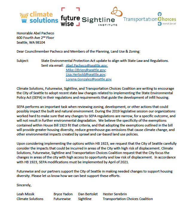 In a letter addressed to the council encouraging them to take advantage of the SEPA reform opportunities presented in House Bill 1923, advocates acknowledged the importance of equity considerations and urged the council to “focus the changes in areas of the city with high access to opportunity and low risk of displacement.”
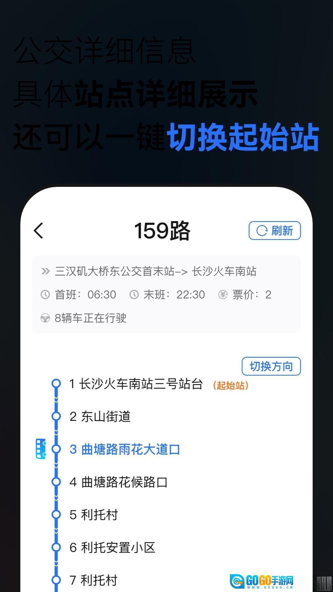 一键切换超灵活:在查看公交详细信息时,支持一键切换起始站功能。无需重新输入信息,只需轻轻一点,就能快速将出发地和目的地互换,重新规划出行线路,方便用户根据实际行程变化灵活调整出行方案。
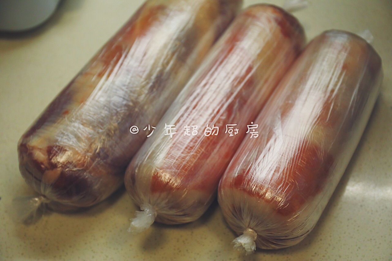 步骤2、用保鲜膜或者塑料袋把羊肉卷成卷,注意控制一下厚度,卷太粗了不好切。
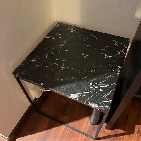 Bordpladsen er melamin med marmorlook, og stellet er metal. Mål: 80 cm. i diameter og 45 cm. i højden.
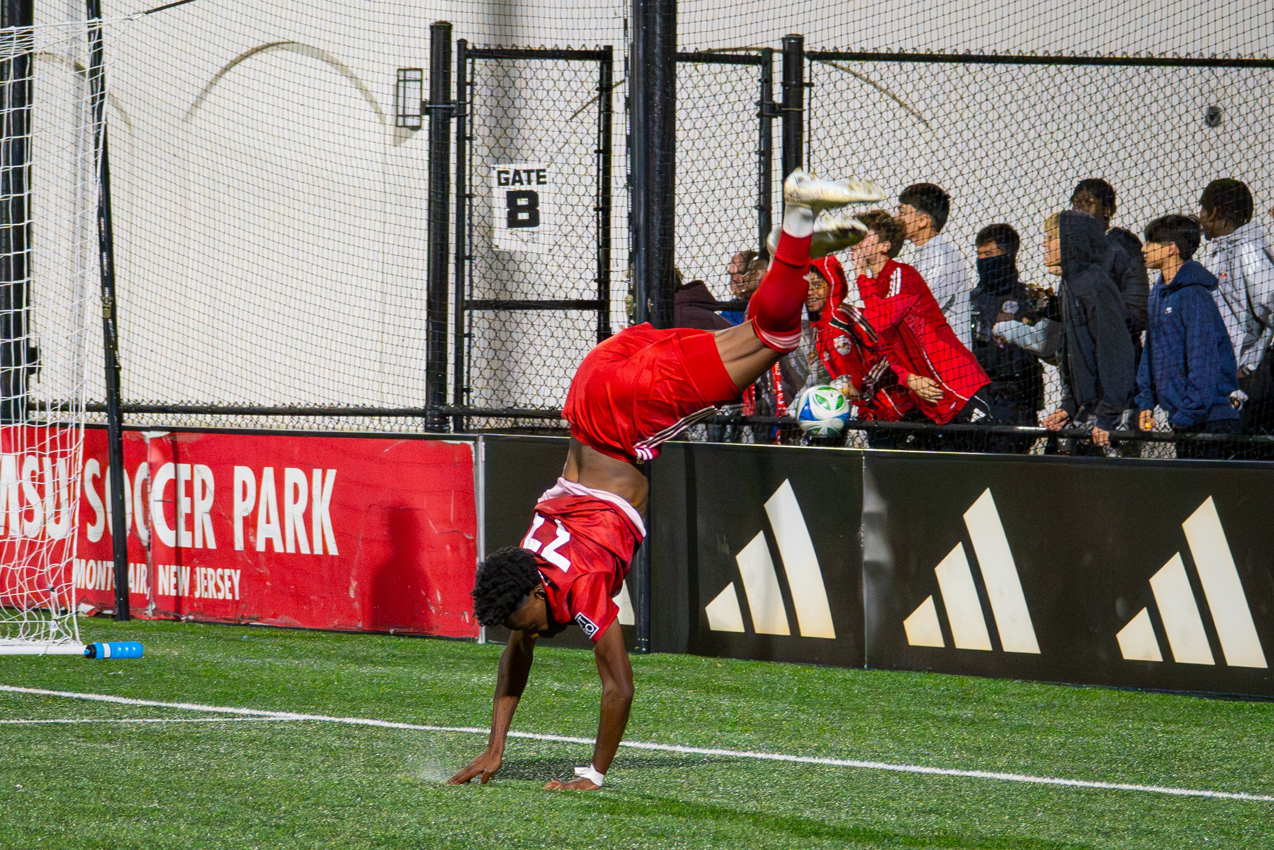 Roald Mitchell celebrating after he scores for Red Bulls II at MSU Soccer Park on October 26, 2025. Photo by Claire Johnson.
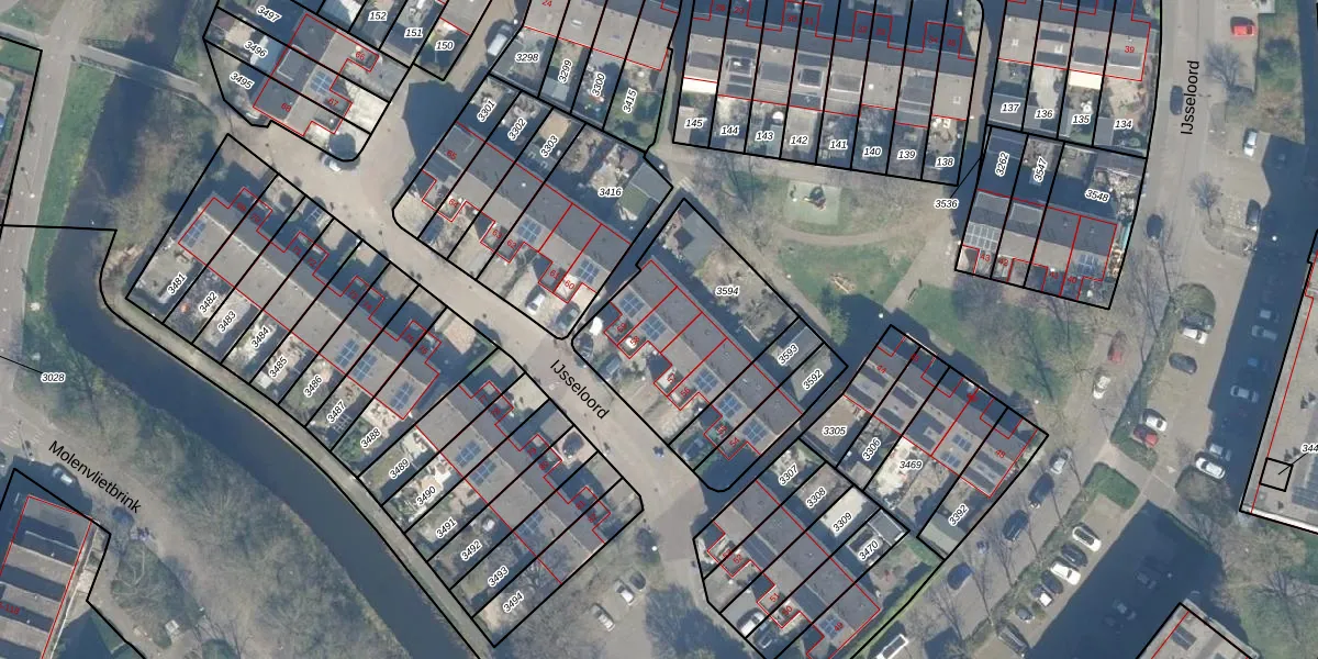 Het perceel waarop IJsseloord 58 staat heeft een oppervlakte van 637 m². Dit is een groot perceel. De perceeloppervlakte wordt geregistreerd door het Kadaster. Gedetailleerde informatie over de maten van dit perceel kunt u vinden in het rapport Kadastrale kaart met maatvoering van IJsseloord 58.
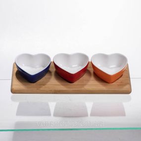 Характеристики Набор менажниц фарфоровых для закусок 3 (шт) по 100 (мл) менажницы в форме сердца на бамбуковой подставке TX001

Exercise – Only what runs from the line holding "Roald Mitchell celebrating" through the end of the entries above is to be given again, exactly, with every picture omitted.

Result below –
 Roald Mitchell celebrating after he scores for Red Bulls II at MSU Soccer Park on October 26, 2025. Photo by Claire Johnson.
 Het perceel waarop IJsseloord 58 staat heeft een oppervlakte van 637 m². Dit is een groot perceel. De perceeloppervlakte wordt geregistreerd door het Kadaster. Gedetailleerde informatie over de maten van dit perceel kunt u vinden in het rapport Kadastrale kaart met maatvoering van IJsseloord 58.
 Характеристики Набор менажниц фарфоровых для закусок 3 (шт) по 100 (мл) менажницы в форме сердца на бамбуковой подставке TX001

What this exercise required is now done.